*YOUR GOAL*:
Output exactly the lines below from the one containing "[KADPR] 2016년 한국광고홍보학회 특별세미나 공지" to the last line, both included. Omit pictures.

*PROVIDED INFORMATION*:
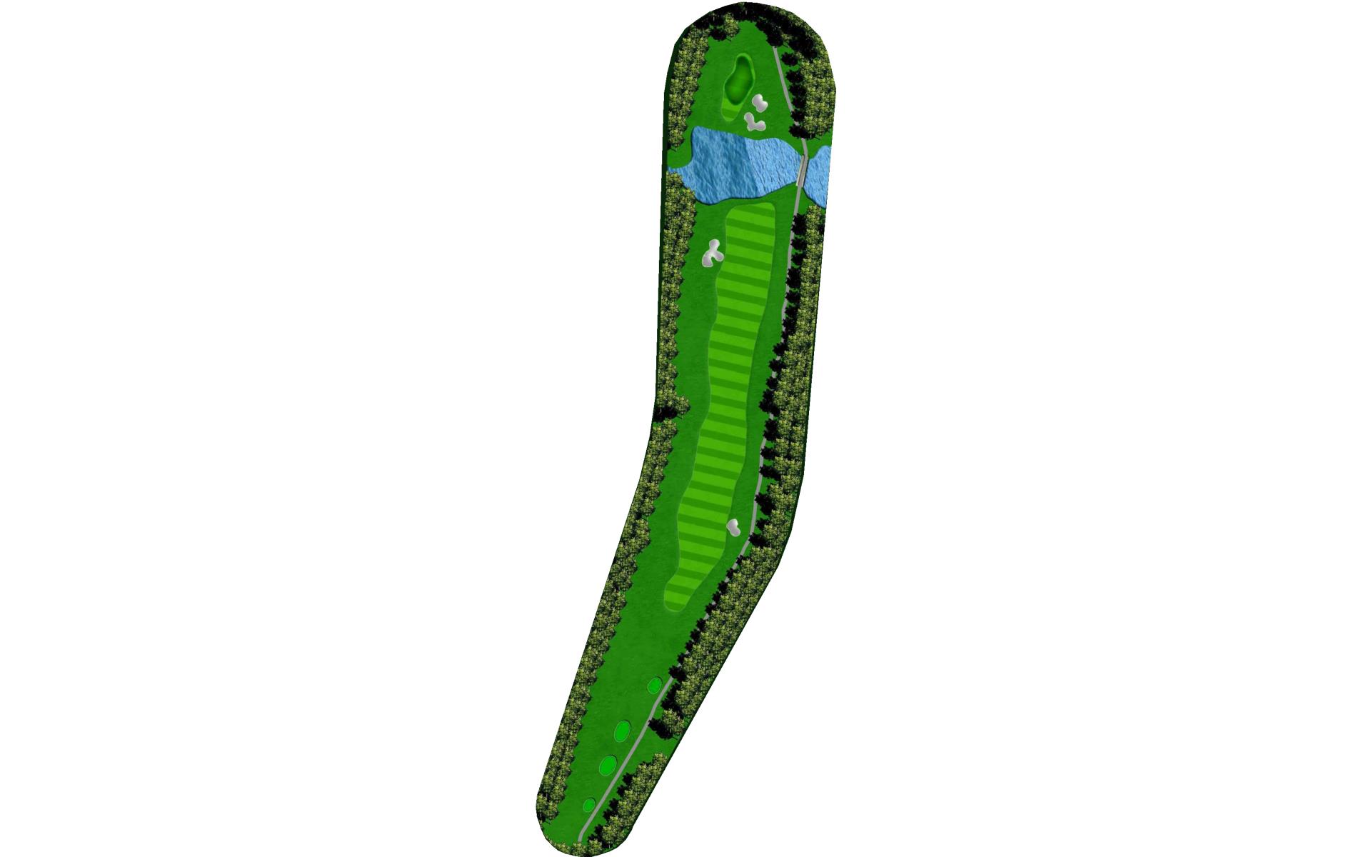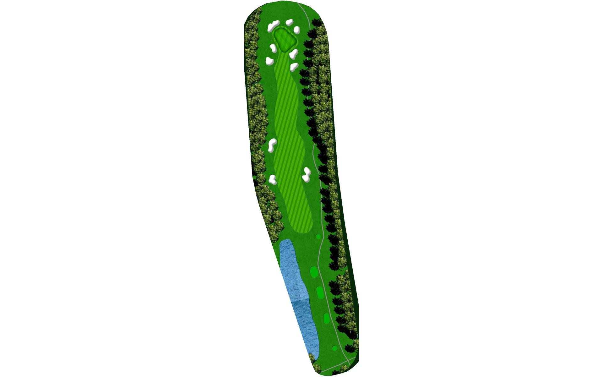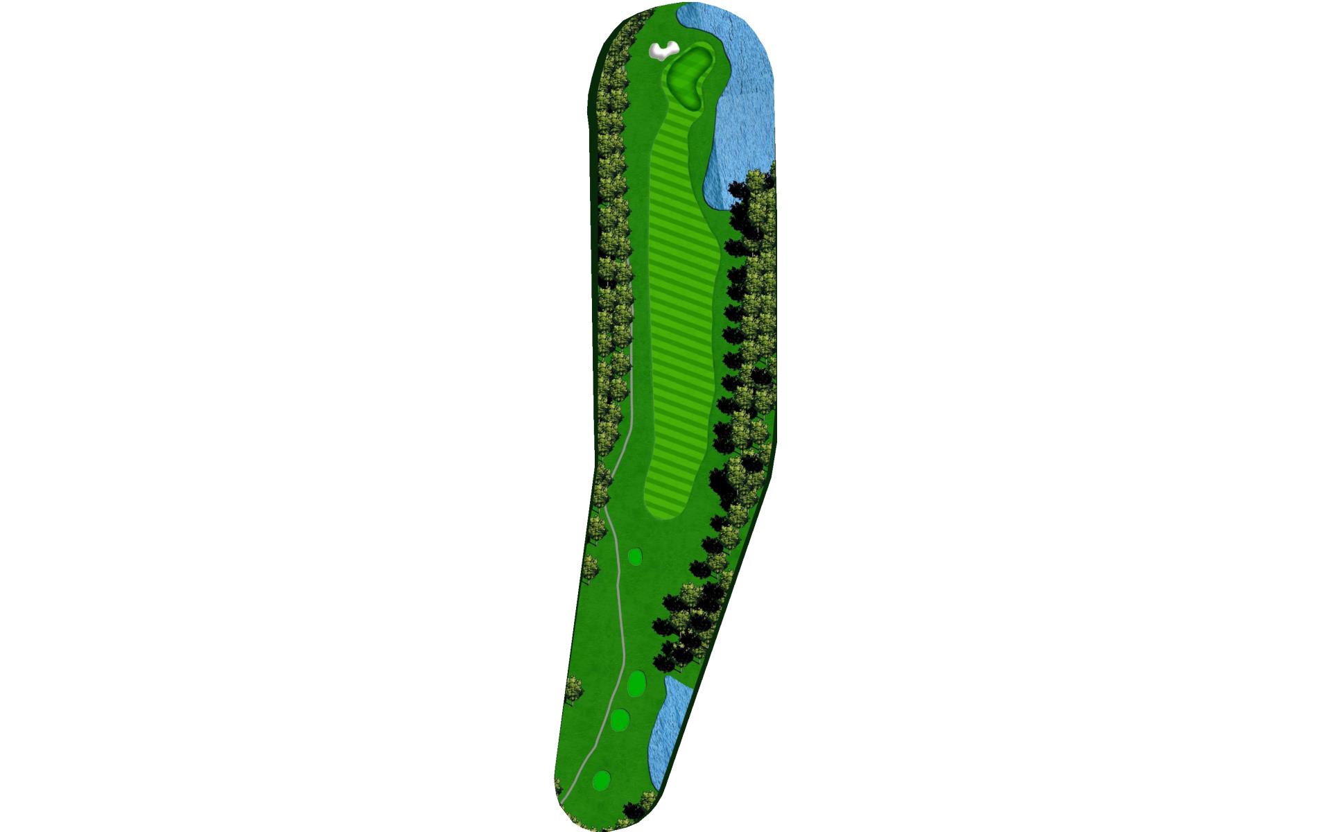 Favoring the right off the tee will help players avoid the water left and reach this par 5 in two. A lay-up is best played down the right to set up the best angle into the green. Anything long and left of this putting surface is not a good option.
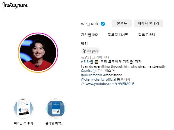WE + MIRACLE = WERACLE 우리 모두에게 기적을!! 비즈니스 문의 : weraclefactory@gmail.com http://www.instagram.com/we_park
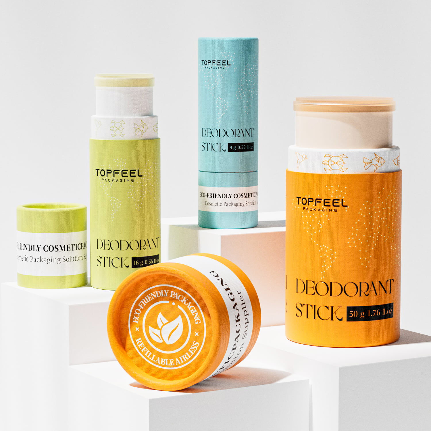 The paper outer tube is a blank canvas for high-impact branding, offering more detailed and sustainable decoration options than many traditional plastic containers.
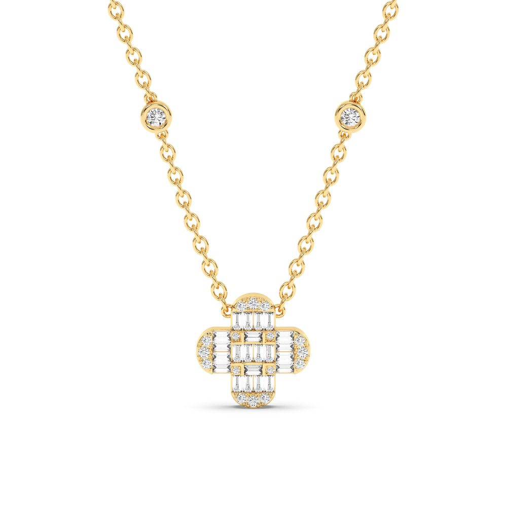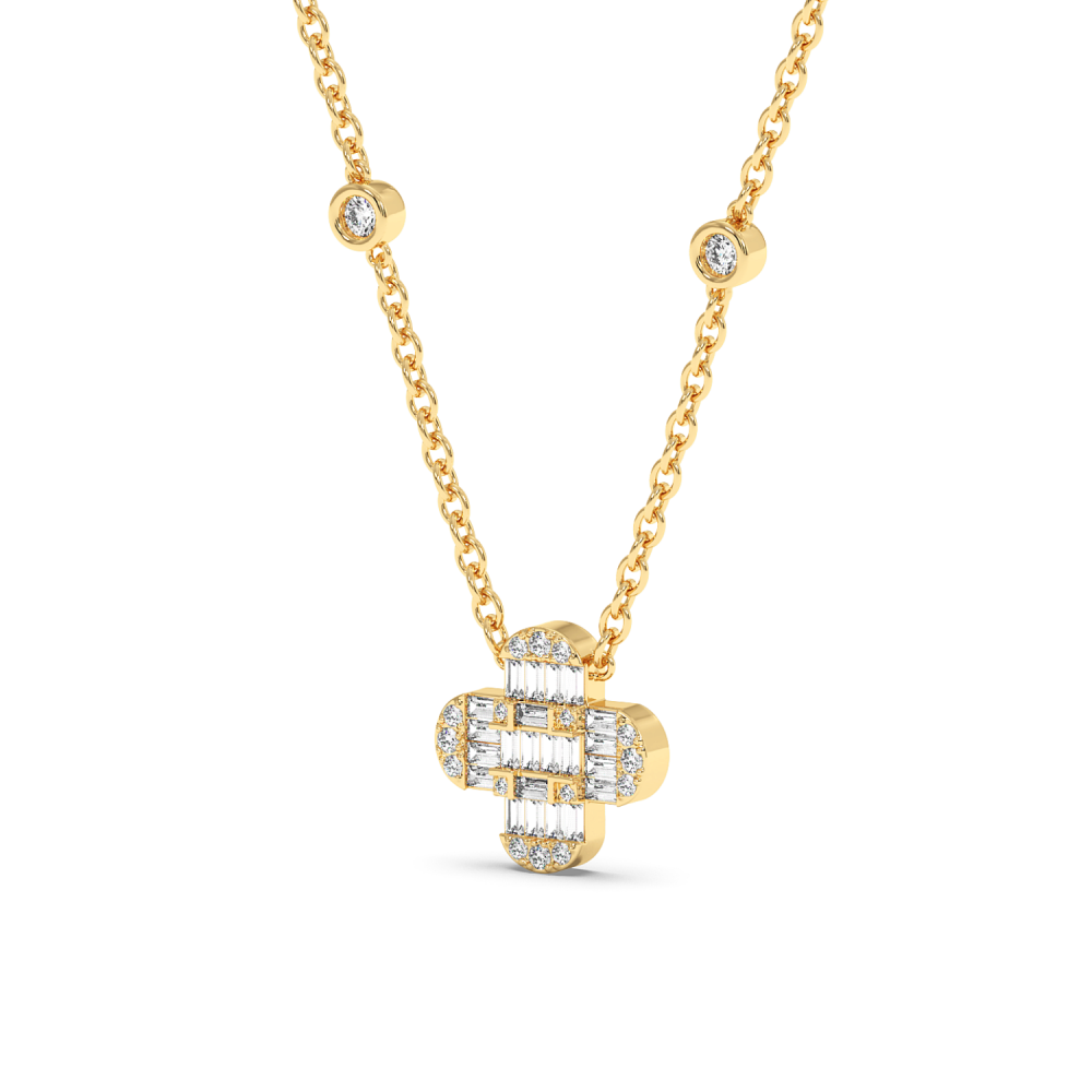 Pandantiv din aur de 14 K, cu diamante de 0.60 ct. Greutatea colierului este de 4,38 grame.
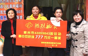 1月4日下午,湖南省福彩中心市场部部长冯梅和郴州福彩中心谷莲英主任以及朱焰烽副主任来到第43059843号投注站,为业主颁授奖牌并给予了1万元现金奖励。颁奖时,冯部长特别祝愿全省彩民多中奖、中大奖,延续新年的好彩头。业主陈女士表示不知道是谁这么幸运为湖南彩民打响了这新年第一炮,今早才知道自己投注站中出了一等奖。这家投注站由他们夫妻俩共同经营六年了,他们自己也是彩民,买福利彩票十多年了,因为爱彩,所以卖彩,喜欢推荐号码,尤其对蓝球有一手,命中率高达90%。第43059843号投注站人气旺盛,大多数彩民是上班族的中年人。该站的中奖情况也很喜人,中过22选5、3D、刮刮乐的大奖。
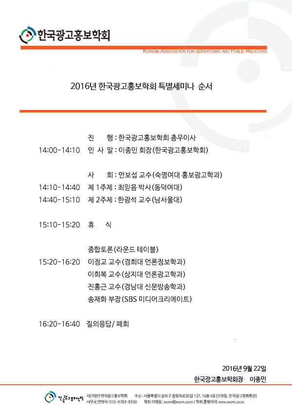 [KADPR] 2016년 한국광고홍보학회 특별세미나 공지
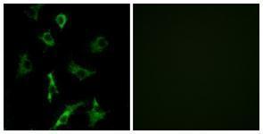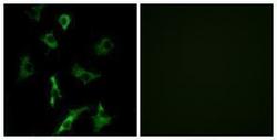 - Immunofluorescence analysis of COS7 cells, using OR5B3 Antibody. The picture on the right is treated with the synthesized peptide.
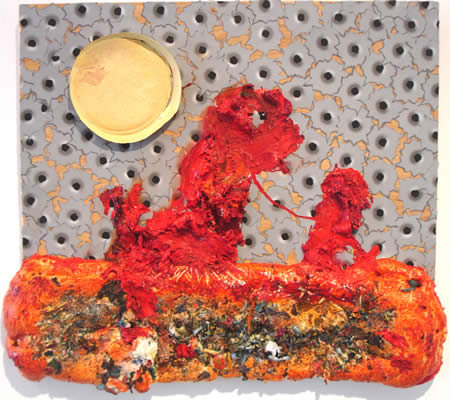 Oil paint and mixed media on wood, 17 x 18.5 in.

*YOUR RESPONSE*:
 [KADPR] 2016년 한국광고홍보학회 특별세미나 공지
 - Immunofluorescence analysis of COS7 cells, using OR5B3 Antibody. The picture on the right is treated with the synthesized peptide.
 Oil paint and mixed media on wood, 17 x 18.5 in.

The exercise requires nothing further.